The march comps were basically in line with consensus estimates, but mark a significant slowdown from last year. Globally, McDonald’s reported 4.1% same-store sales with the United States up 5.6%; Europe up 2.9% and APMEA up 5.4%. The calendar shift/trading day adjustment varied by regions, ranging from -1.0% to -1.8% in March 2009. In March, Europe’s comps were negatively impacted by approximately 2% due to the change in timing of Easter-related school and business holidays from March 2008 to April 2009. On a consolidated basis, traffic increased 1.0% in 1Q09 vs. 3.2% for 2008 and was negatively impacted by 1% due to the leap year.

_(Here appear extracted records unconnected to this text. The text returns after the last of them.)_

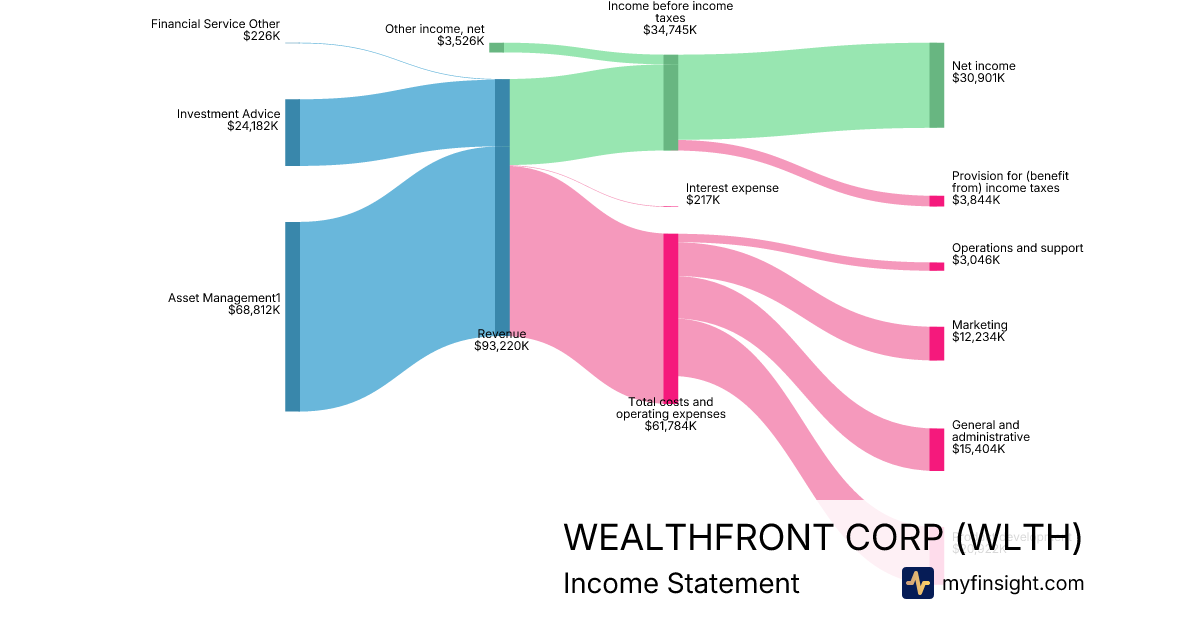For the quarter ending 2025-10-31, WLTH made $93,220K in revenue. $30,901K in net income. Net profit margin of 33.15%.
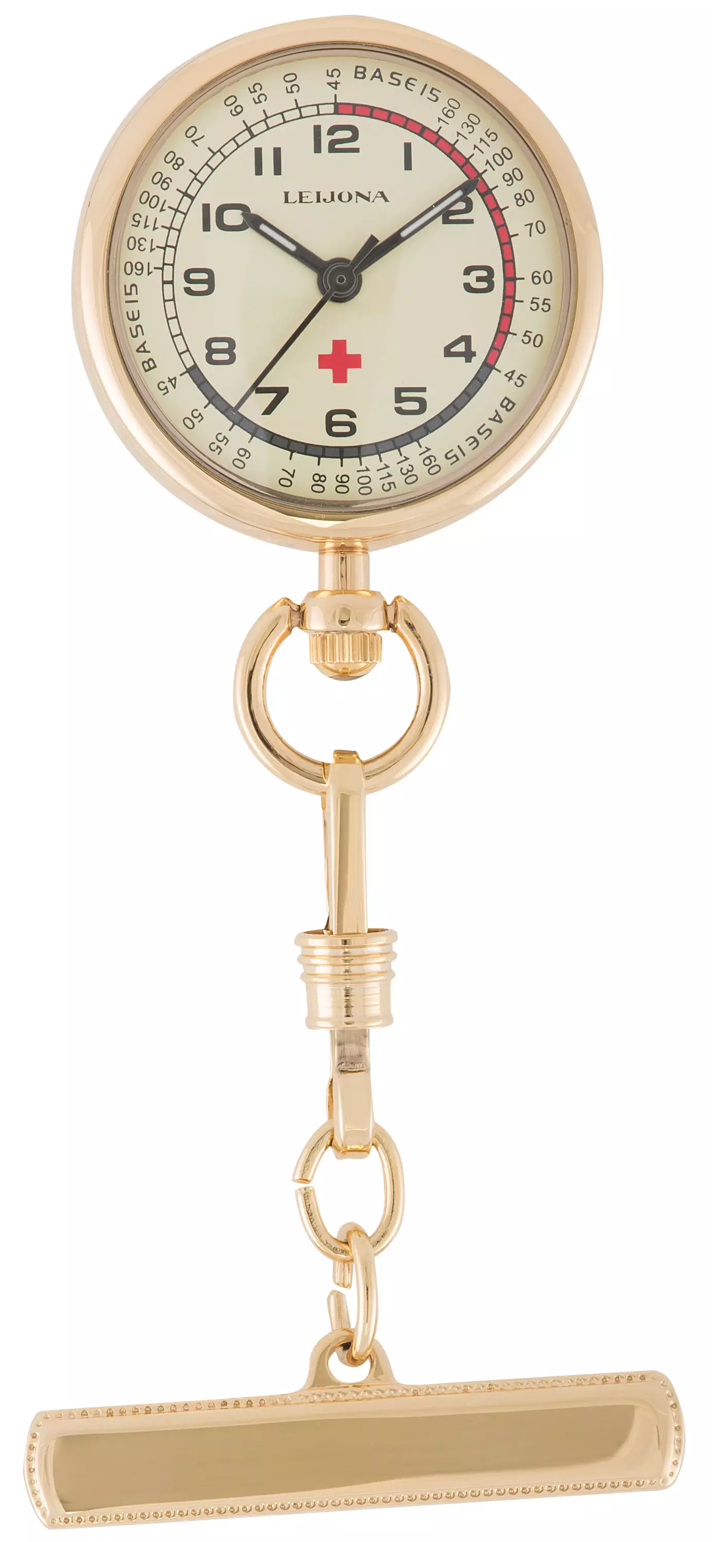Tästä upea Leijona-merkkinen sairaanhoitajankello. Kultaisessa sävyssä, kellotaulun halkaisija 21mm.
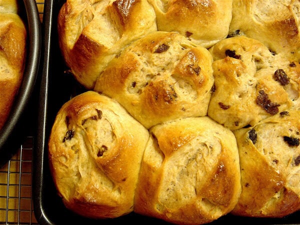 At this point, if you wish to add raisins, divide the dough into two equal portions. Flatten one of the portions and sprinkle _ cup raisins over it. Fold dough to enclose the raisins, then knead for 4 more minutes until raisins are evenly dispersed. (Note: If you wish to add raisins to all of the dough, add ½ cup raisins to whole ball — do not divide the dough — and knead for a total of 8 minutes.) Place dough in greased bowl, cover with plastic wrap and let rise for 1 hour or until almost doubled in bulk.
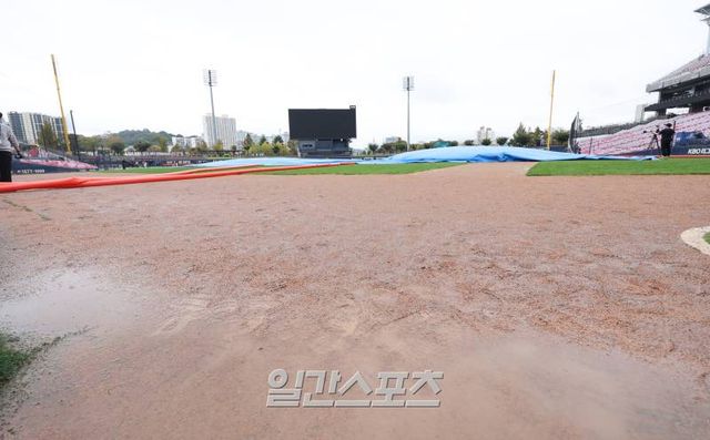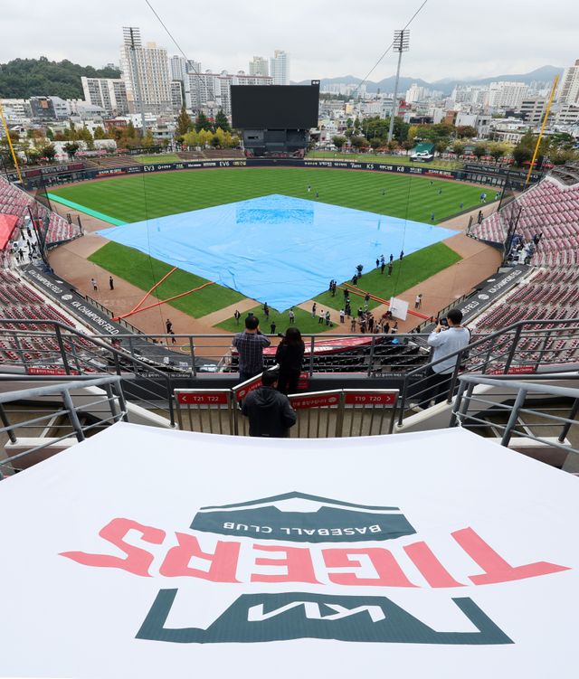 하지만 날씨가 문제였다. 21일 저녁부터 내린 비 때문에 그라운드가 흠뻑 젖었다. 양 팀 더그아웃 앞 파울 지역은 진흙탕이었다. 방수포를 덮은 잔디 상태까지 원활하지 않았다. 배수 작업을 진행한 현장에선 경기 개시 시간을 맞추기 어렵다는 얘기가 나왔다. 이날 저녁 광주 지역의 국지성 호우 예보까지 확인한 KBO는 결단을 내릴 수밖에 없었다.
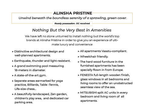 Distinctive architectural design and All apartments Vaastu-compliant.

Most notable and relevant to what we may hear from YUM is MCD’s commentary on China. Due to employment issues in Southern China, McDonald’s reduced unit openings for the year from 175 to 150.
McDonald’s also noted that same-store sales in China were negative for 1Q09 and got worse as the quarter ended. Importantly, McDonald’s cut prices by 30% during the quarter to help mitigate the decline in traffic trends. Needless to say this is very painful to McDonald’s margins during the quarter.
McDonald’s management team noted that the decline in menu prices in China was due to signs that Chinese consumers were trading down from Western QSR down to Chinese QSR. According to MCD, Meal prices for Chinese QSRs are close to 30-40% below what a traditional western QSR meal prices are. Western style QSR has more to compete against that Chinese QSR, but food at home too. Western QSR is a luxury for most Chinese consumers. With higher unemployment and slower income growth, the typical consumer is going to look for cheaper alternatives.
The most recently available CPI data for urban areas showing an average food cost decline of nearly 22% since last April. So McDonald’s 30% menu price cut, is only keeping pace with alternative distribution channels.
A key question now is; does a 30% price cut represent a sufficient inducement to consumers alarmed by economic contraction and job losses to spend money on pricey fast food at the same pace they did during better times?
None of these data points are positive for YUM. Importantly, YUM success is very closely aligned to how its China business performs. Looking to when YUM reports 1Q09, I expect YUM to face similar challenges as YOY commodity pressures will be more severe in 1Q09 (vs. 4Q08) and the company is lapping 12% same-store sales growth and 33% operating profit growth.
Currently, YUM is trading at 8.3x NTM EV/EBITDA and the stock is up 6% in the past week and 18% over the past month. Why?